DATA EXCERPT:
--*--

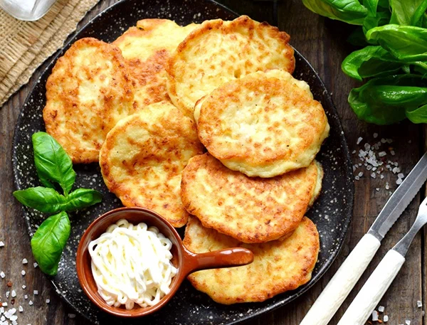 Коли оладки будуть готові, викладіть їх на паперовий рушник, щоб увібрався зайвий жир. Подавайте курячі оладки гарячими та зі сметаною.
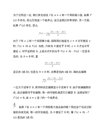 时, f (c + h) ≥ f (c). 当然, 只有当 h 接近于 0 时, c + h 才会非常
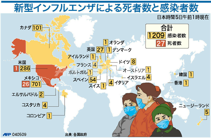 ニュース ライフ 図解 【図解】新型インフルエンザによる死者数と感染者数 2009年5月5日 9:49 発信地:その他 [ 例外 その他 ] このニュースをシェア (c)AFP 【5月5日 AFP】図は、日本時間5日午前1時現在の、各国の新型インフルエンザによる死者数と感染者数の状況を示したもの。(c)AFP<ニュース解説画像一覧へ>【参考】厚生労働省のホームページ ライフ 一覧へ> メディア・報道関係・法人の方向け 写真・動画 購入のお問合せ>
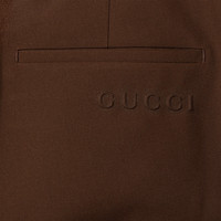 In the Spring Summer 2025 collection, sartorial pants are lent a casual feel through split sides and loop and button detailing. This pair of pants in refined wool twill feature multiple pockets and an embossed Gucci logo. - Dark brown wool twill - Belt loops - Two side pockets - Two back pockets - Embossed Gucci logo on the back - Splits on the sides with loop and button details - Length: 41" - Leg opening: 7.7" - Made in Italy

--*--

Would you give again exactly the lines from the line containing "时, f (c + h) ≥ f" through the end of the listing, both ends included, without any pictures?

RESPONSE TO THE TASK:
 时, f (c + h) ≥ f (c). 当然, 只有当 h 接近于 0 时, c + h 才会非常
 ニュース ライフ 図解 【図解】新型インフルエンザによる死者数と感染者数 2009年5月5日 9:49 発信地:その他 [ 例外 その他 ] このニュースをシェア (c)AFP 【5月5日 AFP】図は、日本時間5日午前1時現在の、各国の新型インフルエンザによる死者数と感染者数の状況を示したもの。(c)AFP<ニュース解説画像一覧へ>【参考】厚生労働省のホームページ ライフ 一覧へ> メディア・報道関係・法人の方向け 写真・動画 購入のお問合せ>
 In the Spring Summer 2025 collection, sartorial pants are lent a casual feel through split sides and loop and button detailing. This pair of pants in refined wool twill feature multiple pockets and an embossed Gucci logo. - Dark brown wool twill - Belt loops - Two side pockets - Two back pockets - Embossed Gucci logo on the back - Splits on the sides with loop and button details - Length: 41" - Leg opening: 7.7" - Made in Italy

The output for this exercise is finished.